Pitkin County sheriff will intervene in isolation, quarantine cases

Pitkin County Sheriff Joe DiSalvo sits at his office desk.
Aspen Times File

Visitors and residents who defy COVID-19 quarantine and isolation orders will have to answer to Pitkin County sheriff’s deputies, who will arrest and possibly jail scofflaws, the sheriff said Tuesday.

“I prefer to enforce egregious violations,” Pitkin County Sheriff Joe DiSalvo told county commissioners. “Violating a quarantine (or isolation) order — I think those are what I’m prepared to prosecute.”

Meanwhile, the county’s public health director told commissioners she plans to propose a stricter facemask law to members of the Board of Health later this week. The proposal would eliminate the rule that says people must wear a facemask outside if they stop and talk to another person not in their household within less than 6 feet for more than 10 minutes, health director Karen Koenemann said.

In other words, if people not wearing a facemask outside stop to talk to someone not in their household for any length of time, they will need to mask up if the board approves the change, she said.

Koenemann also said she recommends people walking past another person within less than 6 feet wear a mask. However, riding a bicycle past people while not wearing a mask presents a low risk of virus transmission, she said.

Commissioners have pushed for stronger enforcement of public health order rules for weeks and were receptive to both ideas.

“I’d like to see an indoor/outdoor (facemask) ordinance,” Commissioner Patti Clapper said. “Just wear it.”

DiSalvo, however, said he will not instruct his deputies to walk around downtown and enforce facemask rules, which currently don’t require people to wear masks outside. He said he would defer that duty to Aspen police officers and Police Chief Richard Pryor, who has made it clear he won’t write tickets for facemask violations that are not egregious or willful.

Current county and municipal rules only mandate facemask use while inside businesses and public buildings. Aspen City Council, however, is contemplating a “mask zone” that would require facemasks both indoors and outdoors in the commercial core and beyond.

More serious violations of the public health order, however, will draw law enforcement attention and action, DiSalvo said Tuesday.

For example, deputies responded Saturday to concerns from public health officials that a visitor who’d tested positive for COVID-19 was said to be attempting to leave town on a plane. The man had been ignoring contact tracing investigators who were attempting to get a hold of him and check on his condition, he said.

Deputies checked flight manifests and put the word out at the airport that the man was trying to leave, but discovered no sign of him there.

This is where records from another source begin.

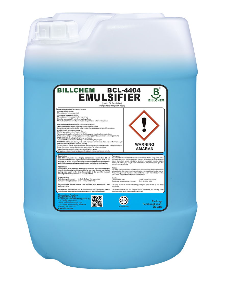 BCL-4404 Emulsifier is a high concentrated surfactant blend formulation to be used together with laundry detergent. It acts as an additive to assist laundry washing program in dealing with heavily soiled fabrics especially against oil, grease and other organic stains.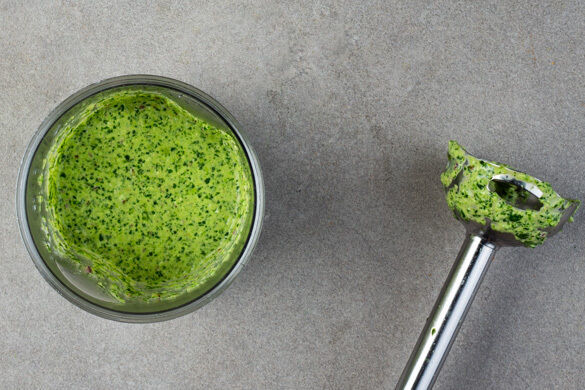 Den Knoblauch schälen und mit der Petersilie und dem Koriander samt Stängeln, den Zwiebeln, der Chilischote, 2EL Limettensaft, der Mayonnaise, 2EL Wasser sowie je 1 Prise Salz und Pfeffer in einem hohen Gefäß mit einem Stabmixer zu einer glatten Salsa pürieren. Tipp: Wer es nicht so scharf mag, püriert nur einen Teil der Chilischote.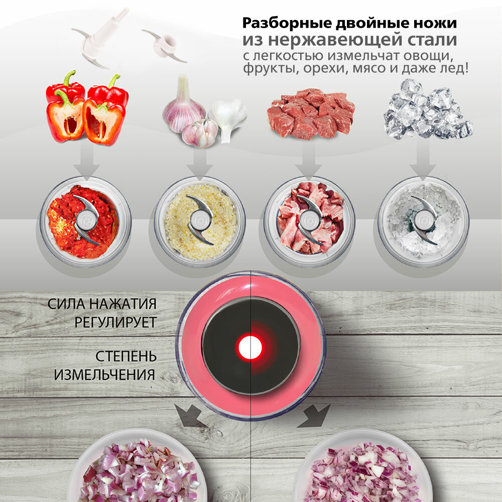 | Плюсы: | Пластик крепкий, без запаха. Мельчит мгновенно. Красивый дизайн, компактная форма. |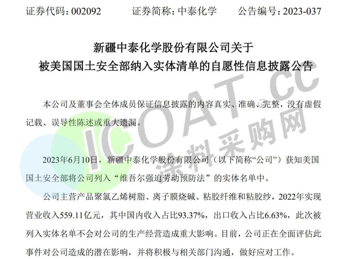中泰化學發布隨后發布了《關于被美國國土安全部納入實體清單的自愿性信息披露公告》,稱公司主營產品聚氯乙烯樹脂(PVC)、離子膜燒堿、粘膠纖維和粘膠紗,2022年實現營業收入559.11億元,其中國內收入占比93.37%,出口收入占比6.63%。

They then checked his hotel room and found him there, DiSalvo said.

The man admitted he’d contemplated leaving, but had changed his mind and was not in the process of trying to leave when deputies spoke with him, the sheriff said.

“We will bring in law enforcement as a last resort,” he said. “We will try and work with contact tracers first.”

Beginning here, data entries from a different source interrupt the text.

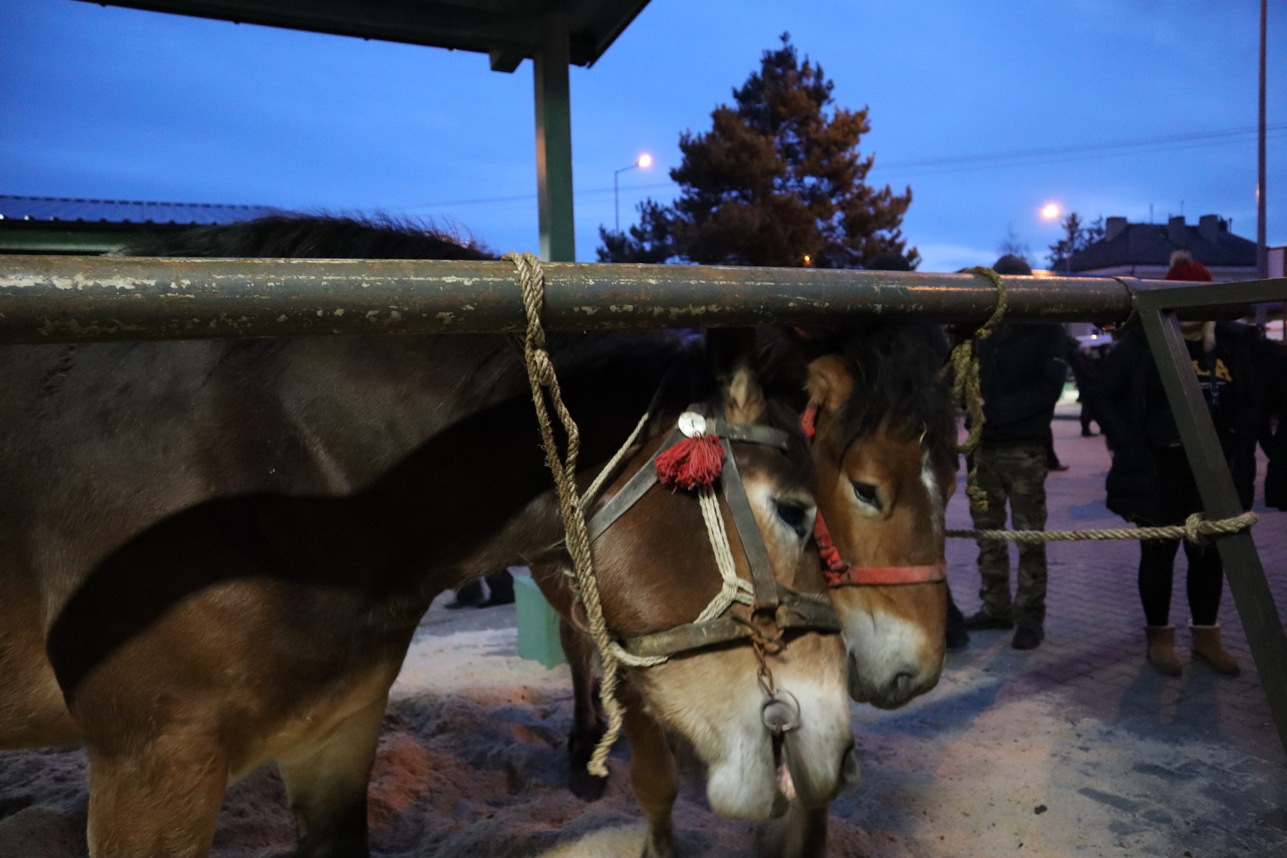 Bez wody i picia- zdecydowana większość koni na targu właśnie tak stała tam cały dzień. Pomimo dostępnego kranu, wodę i siano dostały tylko niektóre konie i były to konie, które przyjechały porządnymi transportami, konie, które przeżuwając siano, wciąż muskane były przez rękę swojego właściciela po chrapach- organizacje zabezpieczające targ, umieszczają na nim kran do pojenia koni- trudno stwierdzić, czy chodziło o spełnienie norm, czy faktyczne dobro zwierząt, które i tak w większości, mogły tęsknym wzrokiem tylko na ten kran popatrzeć- przecież niedbający właściciel nie odmieni siebie- może o tak ważne i podstawowe rzeczy, powinny dbać wyznaczone do tego osoby? I znów konie, których los ich właścicielowi jest zupełnie obojętny, pozostały same… ????
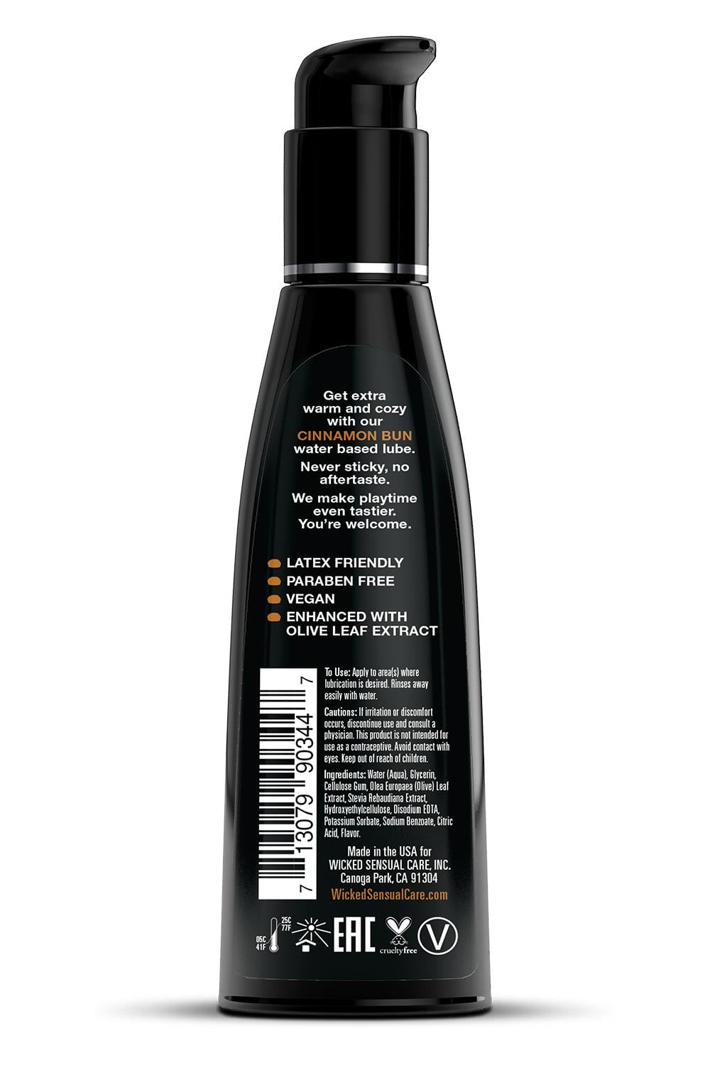 So delicious you’d think it’s the real thing! Wicked Aqua Cinnamon Bun personal lubricant adds subtle and delicious natural flavours to enhance oral pleasures. Light and silky, this water-based formula is the perfect sensual combination of an elegant lubricant and a flavour sensation. Never sticky and without an aftertaste, Wicked Aqua Cinnamon Bun satisfies your sweet tooth and your intimate desires all in one amazing pleasure product. Oral sex never tasted so good. Whether you are giving or receiving, Wicked flavours will give you new sexy confidence. Wicked flavoured lubes are sweetened with Stevia, making them safe for oral, vaginal and anal play.120 mlLong lastingLatex friendlyParaben-freeNever stickyNo aftertasteEnhanced with Olive Leaf ExtractSweetened with SteviaVegan – no animal by-products or testingUse: Apply to area(s) where lubrication is desired. Cleans away easily with water.Ingredients: Water, Glycerin, Cellulose Gum, Stevia Rebaudiana Extract, Olea Europaea (Olive) Leaf Extract, Hydroxyethylcellulose, Tetradsodium EDTA, Citric Acid, Sodium Benzoate, Potassium Sorbate, Flavour.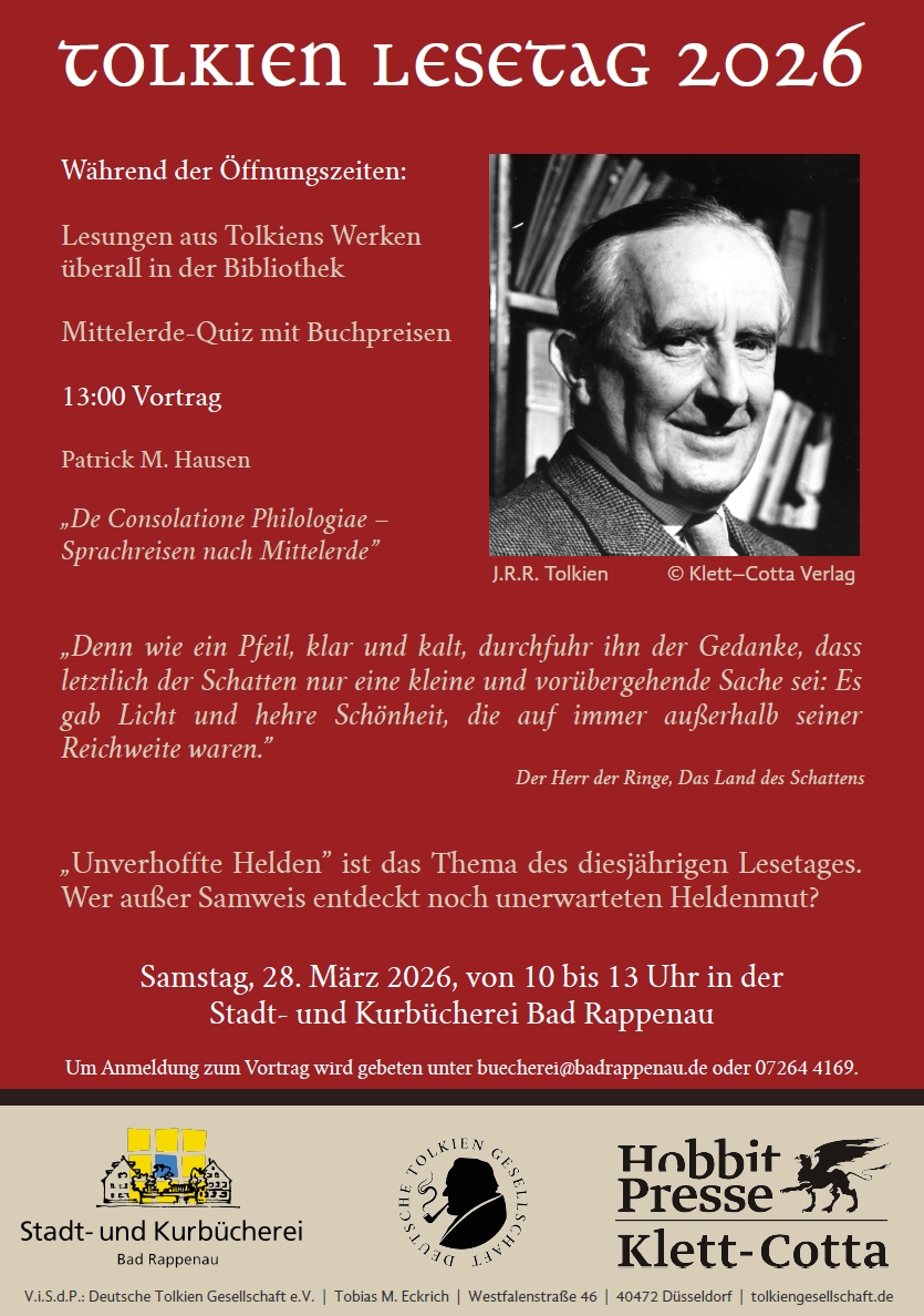 Orks, Elben und Hobbits – wer kennt sie nicht? Am 28. März findet in Kooperation mit dem Stammtisch Baden-Pfalz der Deutschen Tolkien Gesellschaft e. V. der Tolkien Lesetag erstmals auch in der Stadt- und Kurbücherei Bad Rappenau statt.

After the meeting, DiSalvo told The Aspen Times that deputies will issue a ticket to those who defy quarantine and isolation orders — known as a non-custodial arrest — for violating the public health order. If the person continues to defy the order, ignores contact tracers who try to communicate with them and leaves isolation or quarantine, deputies will arrest the person and take them to the Pitkin County Jail, he said.

“We’re prepared to house somebody (in jail),” he said. “We will manage them on complete lockdown.”

Whether a visitor or resident, the defiant person will be jailed for seven days after they are no longer symptomatic or until they test negative for the virus, DiSalvo said.

A person who tests positive for COVID-19 is put into quarantine, while someone who has been exposed to another who tested positive for the virus also is put in quarantine. Public health officials take both orders seriously because either can lead to spread of the virus in the Aspen and Pitkin County communities, Koenemann said.

Since June 26, the county’s public health department has received 55 complaints about businesses violating the public health order, Koenemann said. Most of them — 73% — involve the city of Aspen, while 24% were in Pitkin County and 4% involved Snowmass Village businesses, she said.

When the department receives complaints, consumer protection specialists will visit the business and if they find a willful or egregious violation, they can issue an order to shut it down within 24 hours, Koenemann said.

If the complaint does not fall into those categories, officials will educate the business on the rules, then follow up two to three days later, she said. If the business is still not in compliance, they will issue a warning letter and follow up 24 hours after that.

If, upon the third visit, the business still isn’t compliant, Koenemann can issue a closure or cease-and-desist notice, or they can go to Pitkin County District Court and obtain a temporary restraining order, she said.

The Pitkin County Board of Health will address the proposed stricter facemask rule at its meeting scheduled for 1:30 p.m. Thursday.